The grackles fly in between the branches which
begin to open their green eyes as the sun kisses them awake.
The black birds whistle and sing their gravely shrieks as
the mountains choose to breathe and be green again.
You watch these birds as you wait for the bus,
your black skin shining like the black feathers of the grackles,
a colorless thing that somehow reflects all the colors of
the chromatic universe entombed by the blackness of feathers.
You can’t sit still in class, to go to school is to thrawl in
restlessness, to live awake in a coffin six feet beneath the ground.
I watch you wriggle as the usual voices you hear are scathing,
are words of clenched hands, white knuckles
pleading that you restrain all the life ebbing from you.

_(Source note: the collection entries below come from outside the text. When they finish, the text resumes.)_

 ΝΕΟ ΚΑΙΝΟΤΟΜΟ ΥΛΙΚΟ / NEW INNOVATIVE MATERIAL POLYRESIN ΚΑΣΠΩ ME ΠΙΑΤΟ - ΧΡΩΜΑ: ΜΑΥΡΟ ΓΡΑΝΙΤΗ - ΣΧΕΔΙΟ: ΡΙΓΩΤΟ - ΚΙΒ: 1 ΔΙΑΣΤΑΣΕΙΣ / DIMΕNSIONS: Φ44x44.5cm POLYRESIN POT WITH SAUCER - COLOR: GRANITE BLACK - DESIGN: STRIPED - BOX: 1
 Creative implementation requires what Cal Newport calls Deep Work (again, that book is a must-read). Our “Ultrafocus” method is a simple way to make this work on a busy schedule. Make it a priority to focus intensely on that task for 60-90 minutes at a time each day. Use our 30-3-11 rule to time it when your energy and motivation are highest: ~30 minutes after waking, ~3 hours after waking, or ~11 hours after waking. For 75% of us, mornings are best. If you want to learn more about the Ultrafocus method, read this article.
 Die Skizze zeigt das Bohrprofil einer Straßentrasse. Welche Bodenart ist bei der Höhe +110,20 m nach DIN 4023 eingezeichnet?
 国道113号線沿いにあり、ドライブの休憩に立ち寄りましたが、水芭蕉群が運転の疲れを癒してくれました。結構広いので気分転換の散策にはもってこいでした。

Your eyes stare at the grackles flying in their shining flocks.
I ask you your name and you say it as though it is a book you
one day intend to read. I try to teach you, my white skin screaming,
about how uncomfortable it is to live in this country blooming hate
still exhales its chemicals, a scentless poison that’s
too deeply in our nail beds―gripped to the sacs of our lungs―to let go.

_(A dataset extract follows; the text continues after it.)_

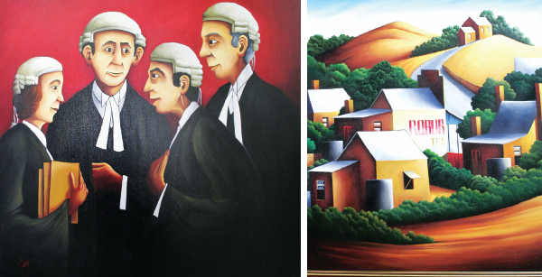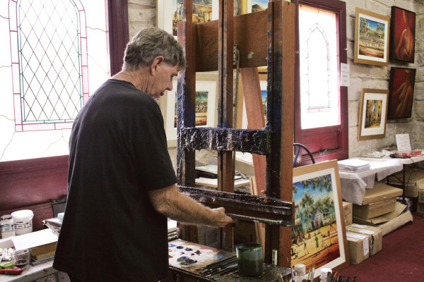 His studio, neatly ensconced in an old sandstone church that bears the chisel marks of hand swung picks, seems perfectly suited to housing his many works. Here are quintessential scenes of Australiana, with characters that could only be laconic country Aussies, in vivid, arresting colours that seem to be accentuated by the tawny colours of the sandstone walls.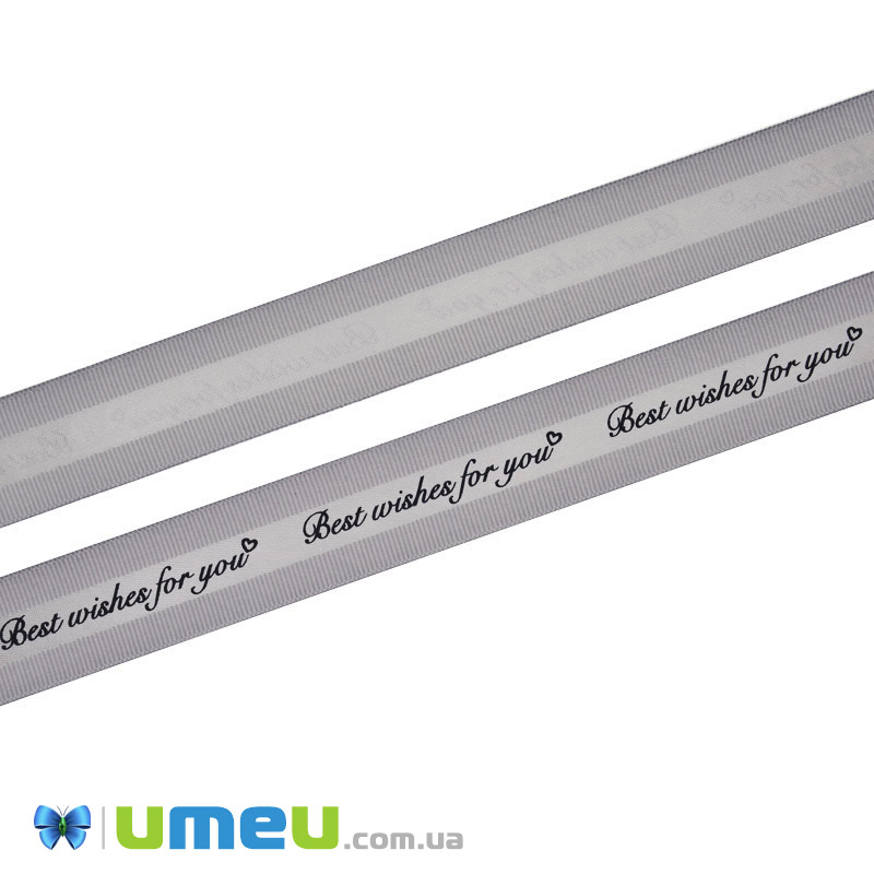 Репсовая лента Best wishes for you, 25 мм, Серая (LEN-048585) /

You shrug at me with unknowing defenses, guards that have helped
you in the past, which help you now as your friend and classmate
makes a comment about the nearby inner city and the damned people that live there.

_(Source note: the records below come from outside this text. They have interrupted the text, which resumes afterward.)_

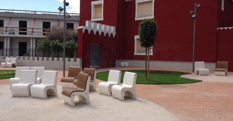 Chair made of reconstituted natural marble or white granite conglomerate. Sandblasted finish. Pine slat seat. Anti-decay coating. Optional anti-graffiti coating. Optional Okume or hardwood seat.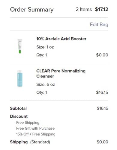 Target uneven skin tone and discoloration with this FULL SIZE gift with purchase! WHILE SUPPLIES LAST you’ll receive a FREE Paula’s Choice 10% Azelaic Acid Booster with any full size item purchase! That’s a $39 value Besties! To make the deal even better, use the code below for 15% OFF and FREE SHIPPING! With full size items starting as low as $19, you won’t want to miss this freebie! Check out our example cart below!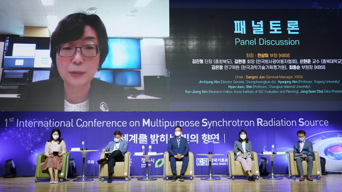 이어진 패널토론에서는 충북도 김진형 방사광가속기추진지원단장, 김현정 한국방사광이용자협회장, 과학기술기획평가원 김은정 연구위원, 충북대학교 신현준 교수, 최종순 KBSI 부원장이 패널로 참여하여 다목적 방사광가속기 구축사업의 관리 및 정부·지자체 역할, 성공적 운영요소 및 위험관리 등을 주제로 의견을 나눴다.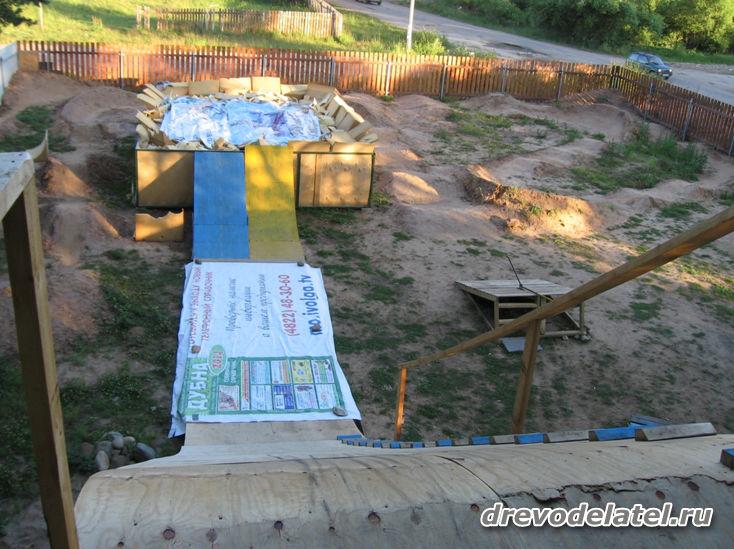 На фото разгонка и вылеты выглядят нормально, но вживую, поднявшись на верх, мне стало реально не по себе. Довольно крутой угол спуска разгонки и резковатый вылет в поролонку также не добавили мне спокойствия, так что максимум, что я смог, так это с притормаживанием попрыгать с синего, менее экстремального, вылета.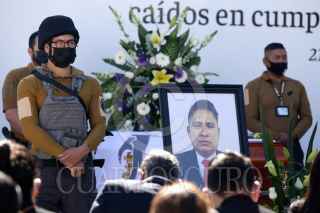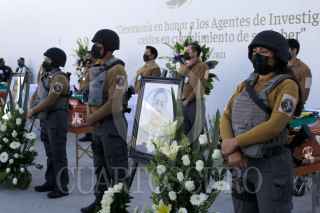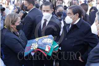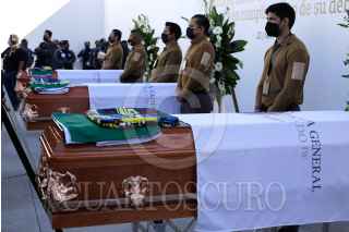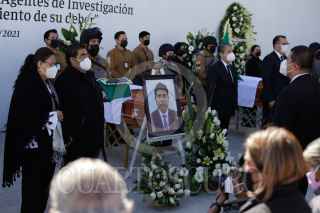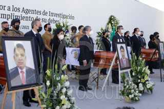 PUEBLA, PUEBLA, 21NOVIEMBRE2021.- Familiares, amigos y autoridades como el gobernador de Puebla, MiguelBarbosa, y el fiscal de Puebla, Gilberto Higuera Bernal, rindieron un homenaje de cuerpo presente a los tres agentes ministeriales supuestamente asesinados por policías municipales de Tecamachalco. La ceremonia en honor a los tres ministeriales; Adrián, Miguel y Guillermo, se realizó en las instalaciones de la Unidad de Análisis de Información de la Fiscalía General de Puebla, ahí el gobernador se comprometió a castigar a los responsables. Ayer sábado la Fiscalía dio a conocer que el secretario de Seguridad de Tecamachalco, Alejandro Santino, fue detenido junto a 12 policías y su escolta, acusados de haber participado en el asesinato de los tres elementos de la Policía Ministerial. FOTO: CUARTOSCURO.COM

You’d rather watch the snow melt into its streams.
I’d rather watch them too, as bells ring like trumpets of
angels saving you from the death-thought of paralysis, from the
thoughts I try to teach you about in History―to think about the decay
which never ends as the four horsemen circle you. Is it that the
world is too heavy for you to try to lift? Or is it that the air is
too dense that to flap your wings would take away the shine that you have left?
I hear the bells usher you away into the hallways, where you
might try to sing like the grackles outside, where no words
you hear from a teacher like me can really connect you with that world
outside and its potholes and snowmelt and salt collecting up like great
white walls which cast tall shadows, a blackness that you can’t see through.
I want you to know, you are the grackle too, it lives in you,
as you open your eyes in this small valley of the mountains,
the trees open their eyes, and the grackle’s darkness
contains all the colors of the universe―we can see them.
The grackle sings for you, in its sharp, quiet way.